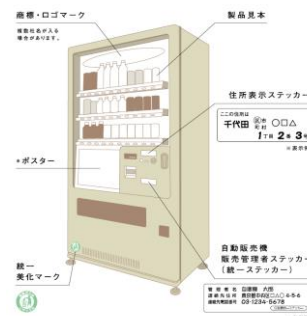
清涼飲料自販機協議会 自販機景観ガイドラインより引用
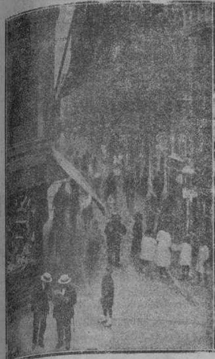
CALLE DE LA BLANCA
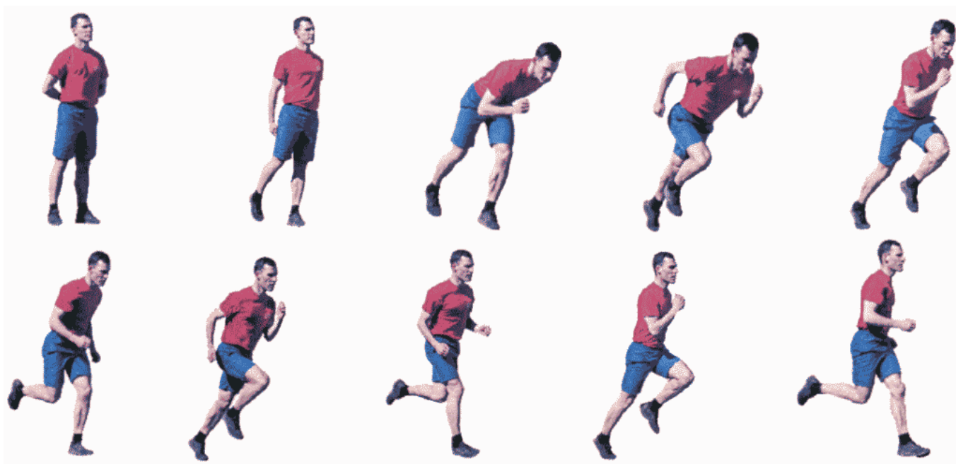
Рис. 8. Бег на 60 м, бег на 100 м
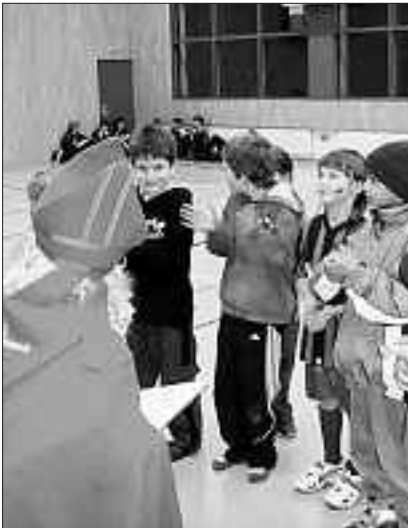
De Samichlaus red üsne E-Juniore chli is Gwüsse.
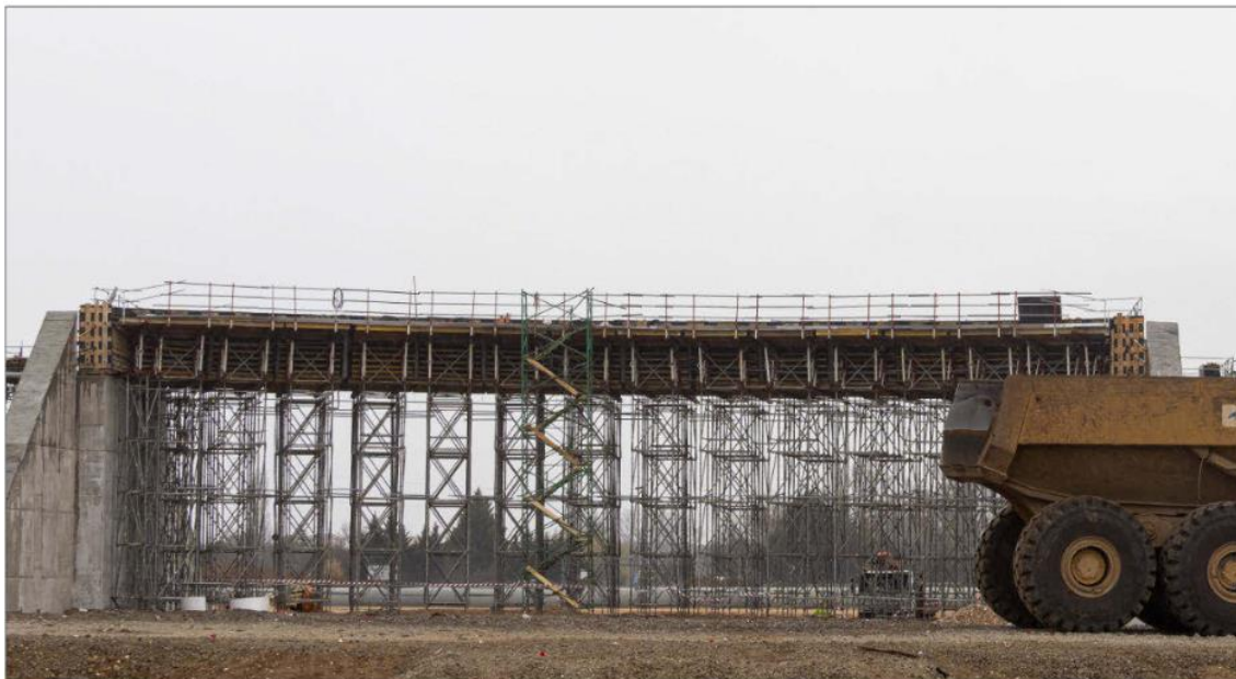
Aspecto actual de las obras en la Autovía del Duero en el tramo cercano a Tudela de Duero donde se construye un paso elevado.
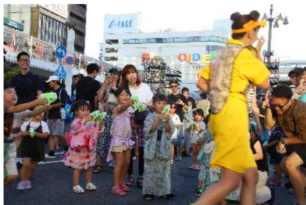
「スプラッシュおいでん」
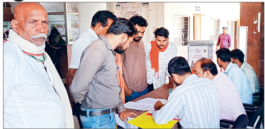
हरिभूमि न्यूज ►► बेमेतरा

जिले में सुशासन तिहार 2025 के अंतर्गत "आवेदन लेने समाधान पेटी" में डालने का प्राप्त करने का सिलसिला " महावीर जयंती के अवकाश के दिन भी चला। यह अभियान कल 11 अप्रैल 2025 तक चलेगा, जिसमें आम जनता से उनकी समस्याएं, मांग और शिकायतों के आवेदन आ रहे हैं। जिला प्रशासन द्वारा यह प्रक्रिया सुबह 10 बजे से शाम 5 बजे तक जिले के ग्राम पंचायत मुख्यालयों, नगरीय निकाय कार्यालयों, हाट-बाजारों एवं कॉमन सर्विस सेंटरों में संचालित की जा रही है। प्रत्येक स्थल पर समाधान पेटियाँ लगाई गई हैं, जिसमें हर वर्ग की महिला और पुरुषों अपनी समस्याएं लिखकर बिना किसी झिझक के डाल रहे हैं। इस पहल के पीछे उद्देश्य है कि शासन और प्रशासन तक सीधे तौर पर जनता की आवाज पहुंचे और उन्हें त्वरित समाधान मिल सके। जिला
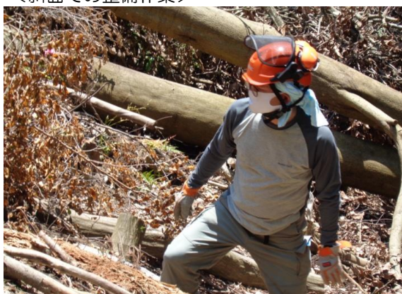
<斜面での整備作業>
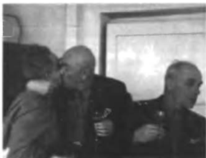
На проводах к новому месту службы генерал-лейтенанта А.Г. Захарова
++++++++++
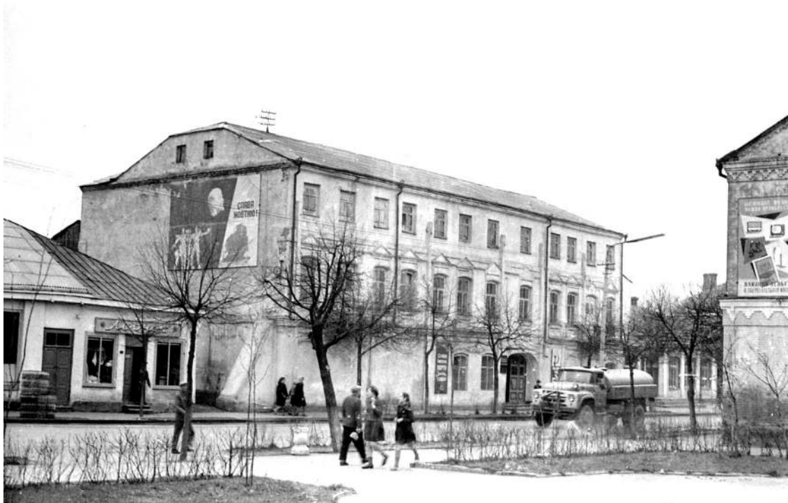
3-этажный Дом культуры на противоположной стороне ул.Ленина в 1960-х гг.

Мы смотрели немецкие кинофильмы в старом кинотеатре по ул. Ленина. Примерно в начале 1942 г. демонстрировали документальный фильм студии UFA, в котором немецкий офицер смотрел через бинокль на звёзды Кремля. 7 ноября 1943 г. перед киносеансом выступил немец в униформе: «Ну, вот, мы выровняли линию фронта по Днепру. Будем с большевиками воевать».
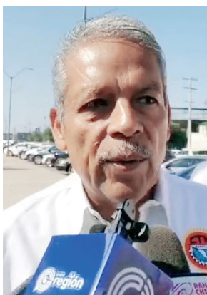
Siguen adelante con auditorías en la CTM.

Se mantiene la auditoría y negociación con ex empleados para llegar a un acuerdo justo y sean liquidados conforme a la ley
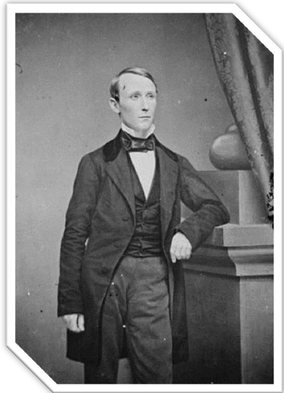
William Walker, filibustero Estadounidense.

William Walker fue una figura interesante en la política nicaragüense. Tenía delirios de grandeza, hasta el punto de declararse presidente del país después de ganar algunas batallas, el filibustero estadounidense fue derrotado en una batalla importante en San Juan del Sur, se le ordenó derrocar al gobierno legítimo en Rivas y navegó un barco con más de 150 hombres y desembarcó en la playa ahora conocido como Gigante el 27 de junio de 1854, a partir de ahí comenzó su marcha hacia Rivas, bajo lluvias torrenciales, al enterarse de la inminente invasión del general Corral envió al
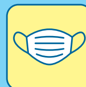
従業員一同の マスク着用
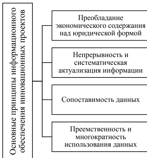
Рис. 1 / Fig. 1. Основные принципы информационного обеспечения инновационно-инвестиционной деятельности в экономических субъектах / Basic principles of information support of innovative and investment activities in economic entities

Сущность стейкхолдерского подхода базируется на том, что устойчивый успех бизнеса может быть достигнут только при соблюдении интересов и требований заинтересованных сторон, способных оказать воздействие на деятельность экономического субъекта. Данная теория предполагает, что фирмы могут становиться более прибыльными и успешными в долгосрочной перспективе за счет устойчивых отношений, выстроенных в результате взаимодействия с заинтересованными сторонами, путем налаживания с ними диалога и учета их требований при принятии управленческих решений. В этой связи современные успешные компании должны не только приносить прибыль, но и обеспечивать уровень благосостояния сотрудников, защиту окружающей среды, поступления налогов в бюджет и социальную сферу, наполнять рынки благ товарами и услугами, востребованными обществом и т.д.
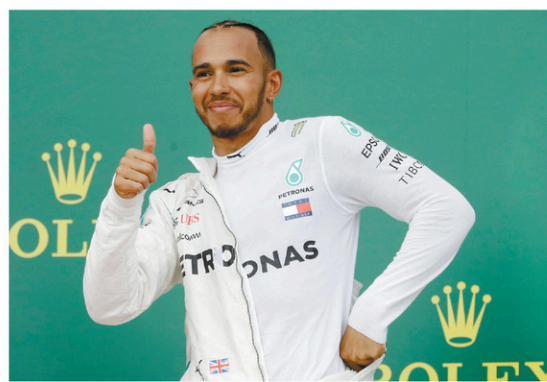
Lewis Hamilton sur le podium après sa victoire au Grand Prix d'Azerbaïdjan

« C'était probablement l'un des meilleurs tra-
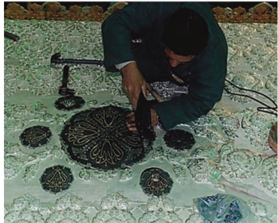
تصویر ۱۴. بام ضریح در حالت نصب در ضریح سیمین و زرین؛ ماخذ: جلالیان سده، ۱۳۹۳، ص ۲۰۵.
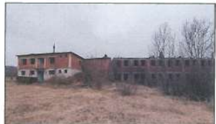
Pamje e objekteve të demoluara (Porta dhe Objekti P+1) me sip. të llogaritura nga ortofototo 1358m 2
++++++++++
Work to complete: Find every line in the records that holds the word "Ленина", then state the count alone.

Expected answer: 2